● **Provided material**
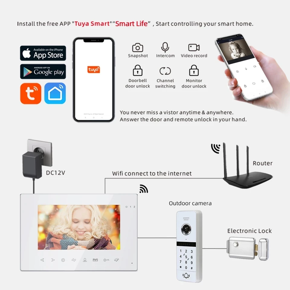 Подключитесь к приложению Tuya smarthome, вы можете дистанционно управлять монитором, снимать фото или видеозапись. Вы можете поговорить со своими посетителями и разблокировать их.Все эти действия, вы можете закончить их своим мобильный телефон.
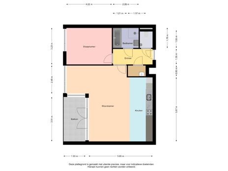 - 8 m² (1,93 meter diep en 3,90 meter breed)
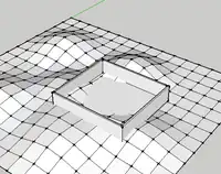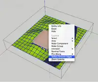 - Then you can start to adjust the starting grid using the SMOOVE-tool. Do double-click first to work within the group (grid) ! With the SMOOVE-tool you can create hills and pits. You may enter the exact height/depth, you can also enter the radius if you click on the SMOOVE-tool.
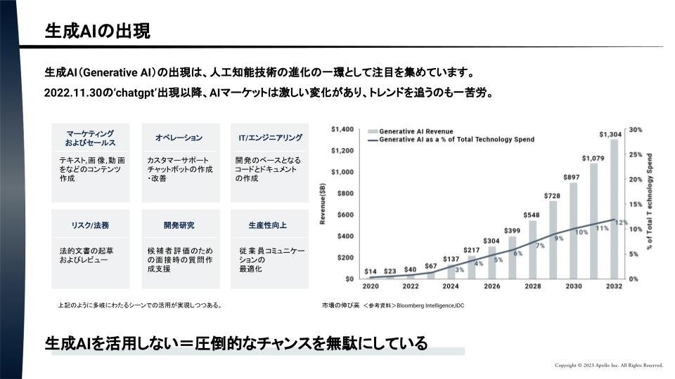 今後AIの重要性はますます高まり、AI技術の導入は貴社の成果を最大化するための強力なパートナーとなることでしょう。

● **About this task**
What is needed is an exact retyping of the lines from the start of the data through the line with "- Then you can", with both end lines kept and every picture left out.

● **Expected output**
 Подключитесь к приложению Tuya smarthome, вы можете дистанционно управлять монитором, снимать фото или видеозапись. Вы можете поговорить со своими посетителями и разблокировать их.Все эти действия, вы можете закончить их своим мобильный телефон.
 - 8 m² (1,93 meter diep en 3,90 meter breed)
 - Then you can start to adjust the starting grid using the SMOOVE-tool. Do double-click first to work within the group (grid) ! With the SMOOVE-tool you can create hills and pits. You may enter the exact height/depth, you can also enter the radius if you click on the SMOOVE-tool.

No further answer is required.